Choosing the right business entity can be one of your most important financial decisions. Whether you’re starting a new business or restructuring an existing one, how you organize your company can have wide-reaching implications, especially regarding taxes, liability, and long-term growth.
Let’s examine the differences between the most common structures: LLC, S-Corp, and C-Corporation, and explore how each might align with your financial goals.
What is an LLC?
An LLC, or Limited Liability Company, is one of the most flexible business structures. It blends the simplicity of a sole proprietorship or partnership with the liability protection of a corporation.
From a tax perspective, the IRS doesn’t recognize an LLC as a distinct taxable entity. Instead, it’s treated as a pass-through entity by default. That means the profits and losses pass through to your tax return.
When forming a Limited Liability Company (LLC), one of the key decisions you’ll face is how your business will be taxed. While an LLC typically enjoys the benefits of pass-through taxation (which means profits and losses are reported on your tax return), you also have the flexibility to elect for your LLC to be taxed as an S-Corporation or C-Corporation if that aligns better with your business objectives and financial situation.

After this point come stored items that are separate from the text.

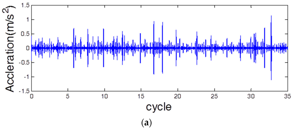 All of the recorded vibration signals were separated into a number of IMFs by the EMD method [17]. Since the collected vibration data were identical angular signals, the decomposed IMFs represent the signal components of different orders. In order to ensure that no mode-mixing problem exists in the EMD process, the standard IMF orthogonality index check [17] was also involved in the above signal separation steps. It is also noted that the order values of IMFs do not affect the calculation of MSE, so the angle-order distributions are skipped in this paper. Based on the observation, as well as the physical interpretation, the defective component impacts the other components of bearing cyclically and, thus, the amplitude modulation phenomenon can be observed in the measurements (as illustrated in Figure 3). The cubic spline fitting was then employed to extract the envelope signals of the vibration signals. It is also noted that all the first IMFs of the vibration signals which represents the signal component of the highest order have the apparent amplitude modulation phenomenon (as illustrated in Figure 4). The envelope analysis (cubic spline fitting) was also employed for the first IMFs of all of the vibration signals for comparison purposes.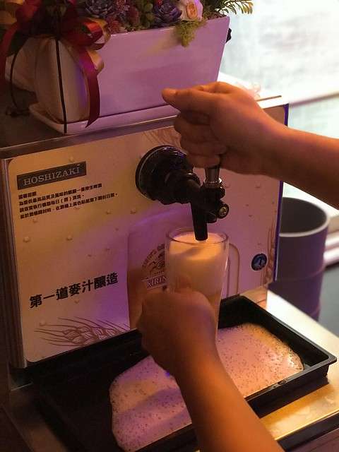 店家專業的手勢馬上就可以擠出泡泡很少的生啤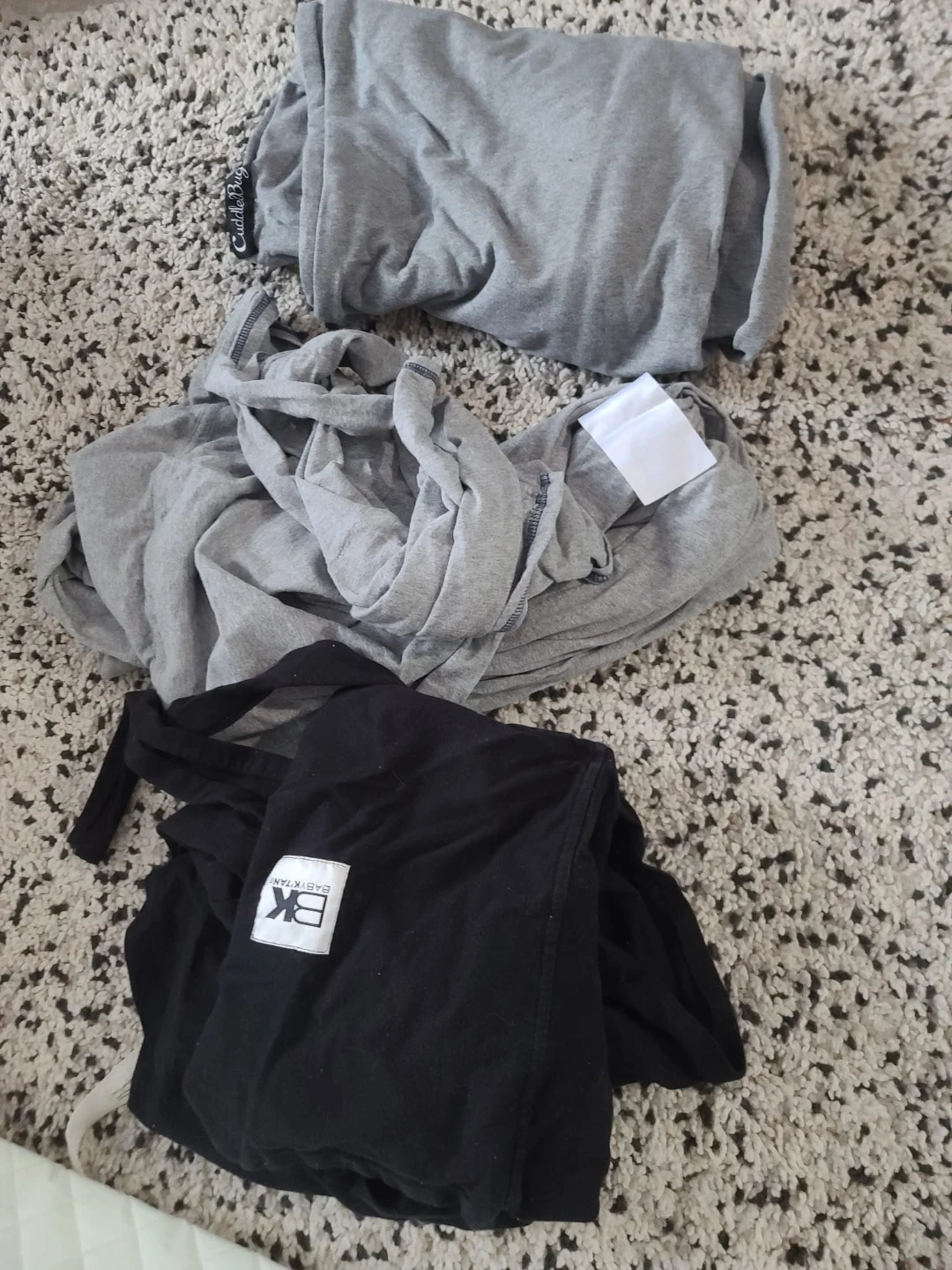 This is a black Baby K'tan baby carrier. It's made of a soft, breathable cotton blend. This carrier is suitable for newborns and infants.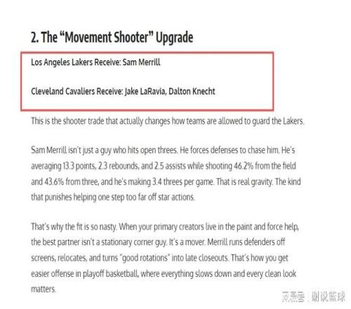 果然当地媒体又忍不住了,支招湖人交易来骑士后卫萨姆-梅里尔,这本身没啥问题,后者也确实可以帮到湖人。只不过从具体交易方案来看,湖人需要送走24岁前锋拉拉维亚,这就不是很明智了,替补射手道尔顿-克内克特则会当添头。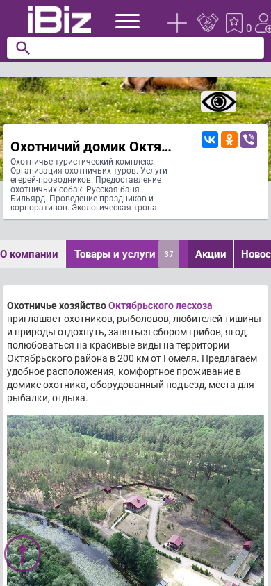 | Название / Заголовок | Охотничий домик Октябрьский лесхоз - Охотничье-туристический комплекс. Организация охотничьих туров. Услуги егерей-проводников. Предоставление охотничьих собак. Русская баня. Бильярд. Проведение праздников и корпоративов. Экологическая тропа.. 247319, , Поречский c/c, 1/1 |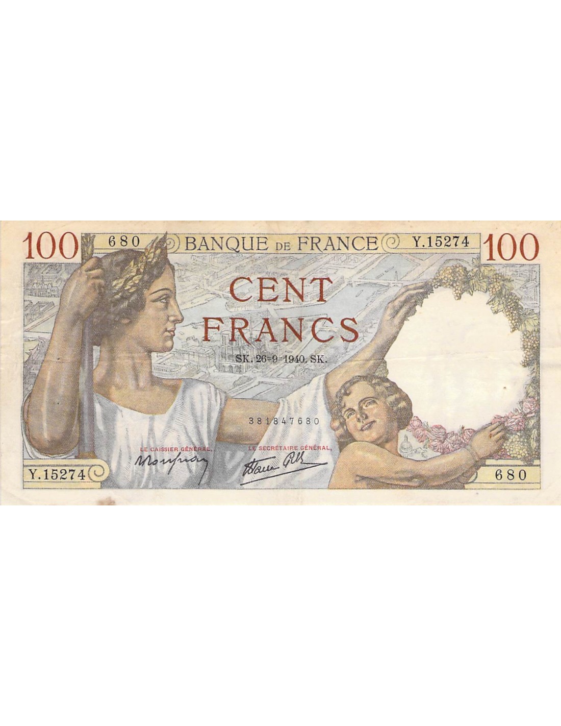 FRANCE, SULLY - 100 FRANCS 26/09/1940 - SÉRIE Y.15574 - TTB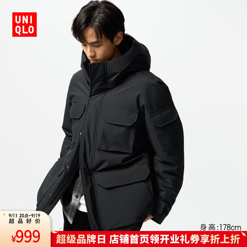 优衣库【超品好价】男装女装高级保暖羽绒茄克冰雪户外连帽外套477136 09 黑色 L /175/100A

Choosing to tax your LLC as an S-Corp can benefit certain businesses, especially those expecting to generate significant profits. This designation allows you to save on self-employment taxes because only your salary (not your distributions) is subject to these taxes.

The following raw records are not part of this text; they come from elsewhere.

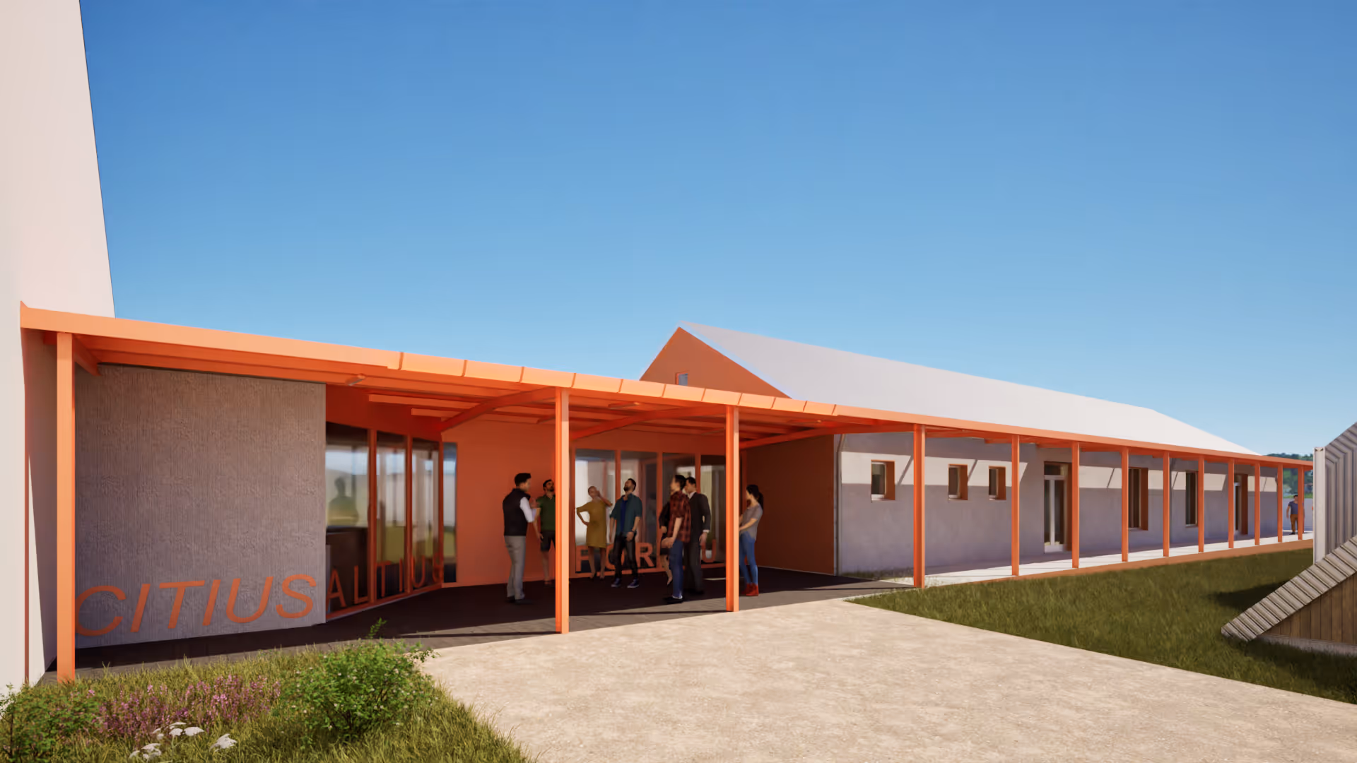 L'espace laissé entre la nouvelle salle et le gymnase existant ne reste pas vide : il devient un lieu d'accueil pour les événements. Un parvis, un seuil, un lieu de respiration entre deux volumes, l'architecture se joue aussi dans les vides.
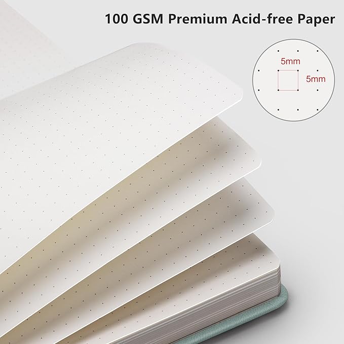 - PREMIUM PAPER: Crafted with time-resistant 100 GSM paper, this dotted journal preserves thoughts flawlessly while resisting ghosting/bleed-through with most pens. Acid-free material ensures long-term preservation, and its smooth surface enhances writing clarity - blending durability and premium performance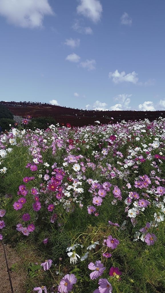 真っ赤に色づいたコキアと、一面に咲くコスモスがとてもきれいで、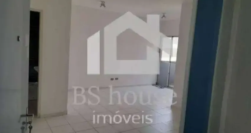 Sala comercial de 31m² com 1 banheiro, piso frio, janela de vidro de correr com acesso a varanda.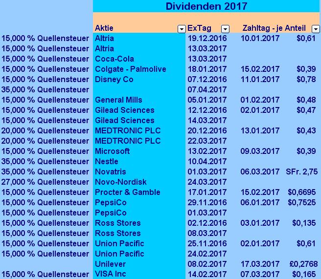 ghost_69 März 11, 2017 · bearbeitet März 14, 2017 von ghost_69 ... das Update: Es wurde Novartis gekauft, einmal Schweiz, dann Pharma, wir werden alle älter und brauchen Pillen, aber die haben sich von ihrem Abwärtstrend abgekoppelt, daher mal beherzt zugegriffen und natürlich auch wegen der Dividende, schade nur um die 35% Quellensteuer. Diesen Monat gab es schon 3 Dividenden, Microsoft, Novartis und VISA 7 weitere sollten noch folgen, wenn ich mich nicht irre. damit habe ich gegenüber letztem Jahr schon das 3-fache an Dividende und es geht noch weiter, grob hochgerechnet müßte ich etwa beim Mai 2016 raus kommen und das war in 2016 der beste Monat. ich habe also auch schon mehr Dividenden als 2015 bekommen und wir haben erst Anfang März, hier noch alles zusammen zum downloaden: Mein Aktiendepot 10-03-2017.pdf Ghost_69 Diesen Beitrag teilen Link zum Beitrag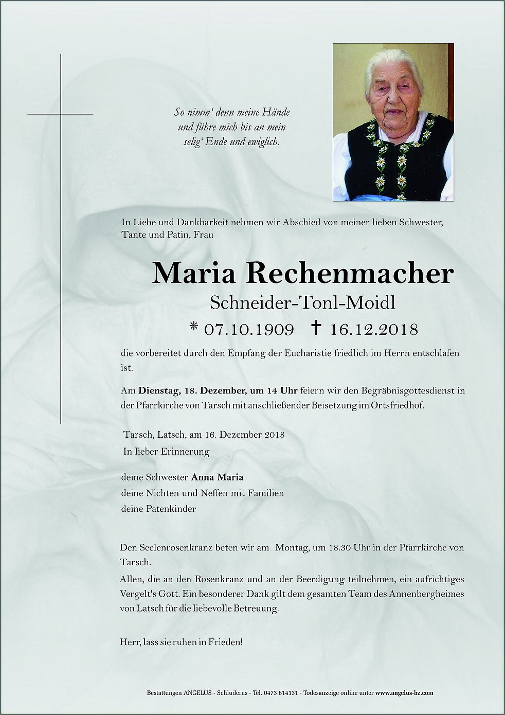 Allen, die an den Rosenkranz und an der Beerdigung teilnehmen, ein aufrichtiges Vergelt's Gott. Ein besonderer Dank gilt dem gesamten Team des Annenbergheimes von Latsch für die liebevolle Betreuung.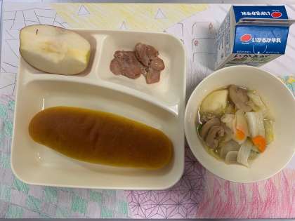 今日の献立は、『鶏肉のガーリック焼き・豚肉と野菜のスープ煮・りんご・パンプキンパン・牛乳』でした。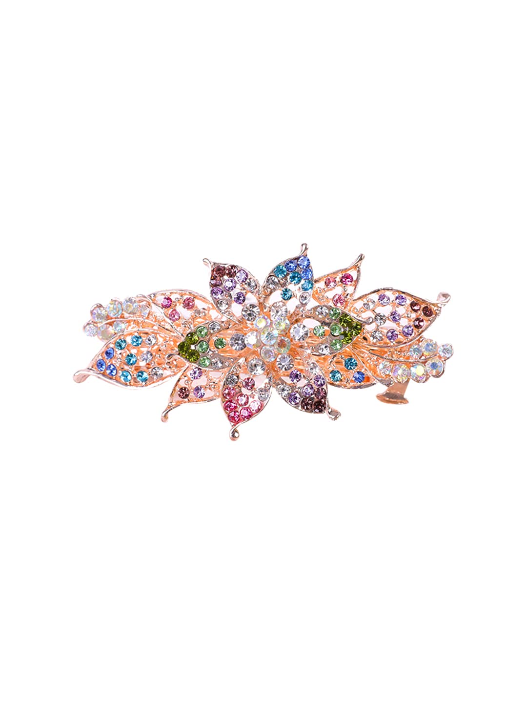 - Multicolor and gold-toned floral design french barrette. A must have piece in your fashion wardrobe. French barrette clips are classic, they never go out of style, and let you design your hairstyle in many ways you want.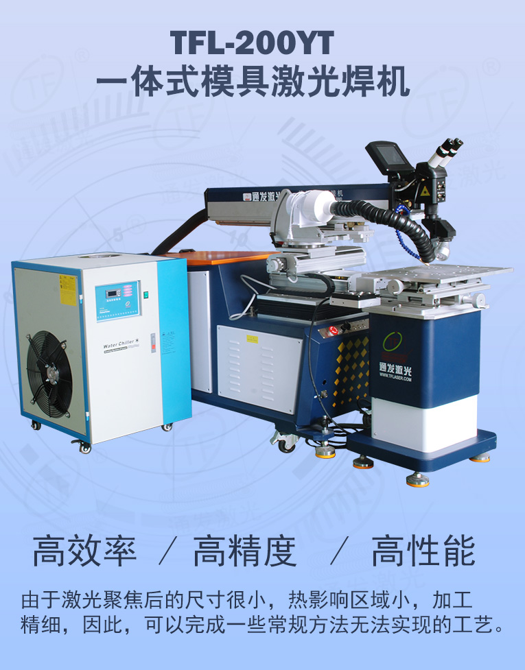 出口型模具激光焊機是通發(fā)激光公司專門為出口國外客戶使用而設計的系列機型TFL-200E,適用于各類精密注塑模具、壓鑄模具等模具激光修補焊接;同時也適合鑄件沙孔激光修補、模具崩缺激光修復、過切加工等的激光修補;各類金屬結(jié)構(gòu)件、金銀首飾的激光焊接加工。

Moreover, S-Corps can provide some tax advantages by allowing for certain deductions that may not be available to standard LLCs.
Opting for C-Corp taxation can be advantageous if you reinvest your profits into the business rather than taking them as income. C-Corps are taxed at the corporate level, which might result in a lower overall tax rate depending on your profit levels and personal income.

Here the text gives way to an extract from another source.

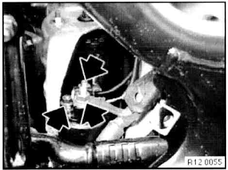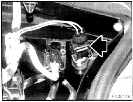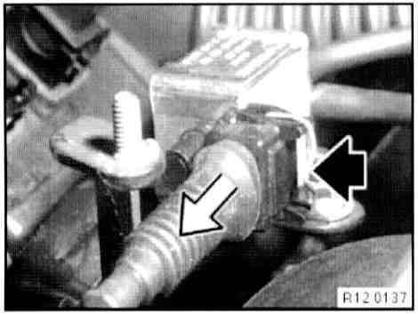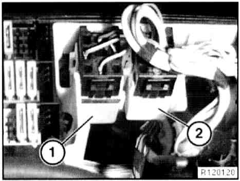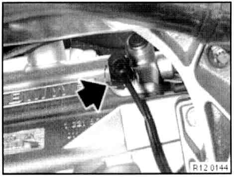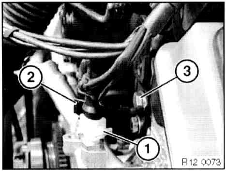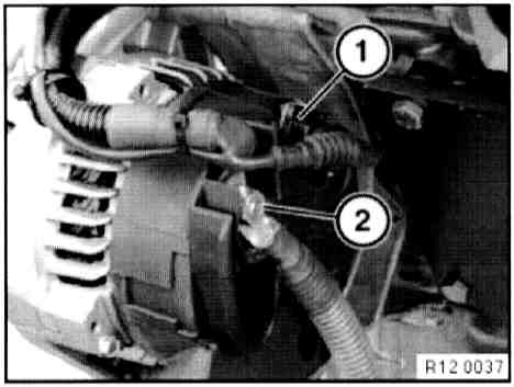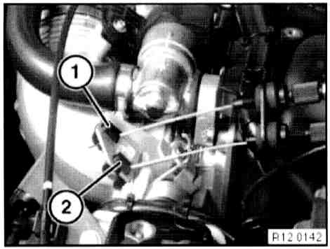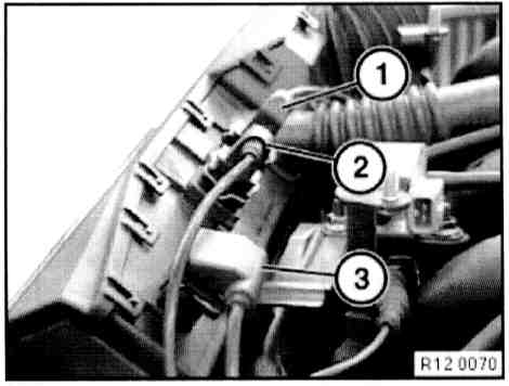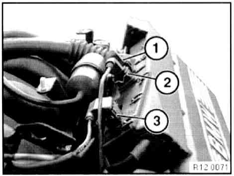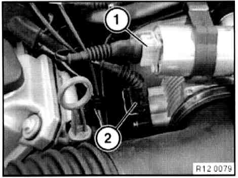 - Disconnect plug connection (1) on idle speed adjuster and plug connection (2) on throttle valve potentiometer.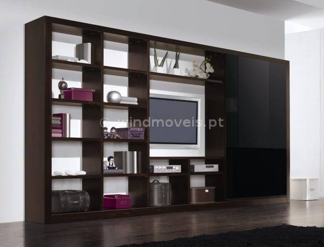 Estante em madeira de carvalho com porta de correr com frente de vidro lacado preto e escada metálica

This structure could make it easier to attract investors or raise capital because C-Corps can issue multiple classes of stock without limitations on the number of shareholders.
Consulting with a tax professional or accountant who understands your situation can provide valuable insight and help you make an informed decision that aligns with your business strategy.
What is an S-Corp?
An S-Corp is a tax classification. Eligible businesses (including LLCs and corporations) can elect to be taxed as an S-Corp by filing IRS Form 2553.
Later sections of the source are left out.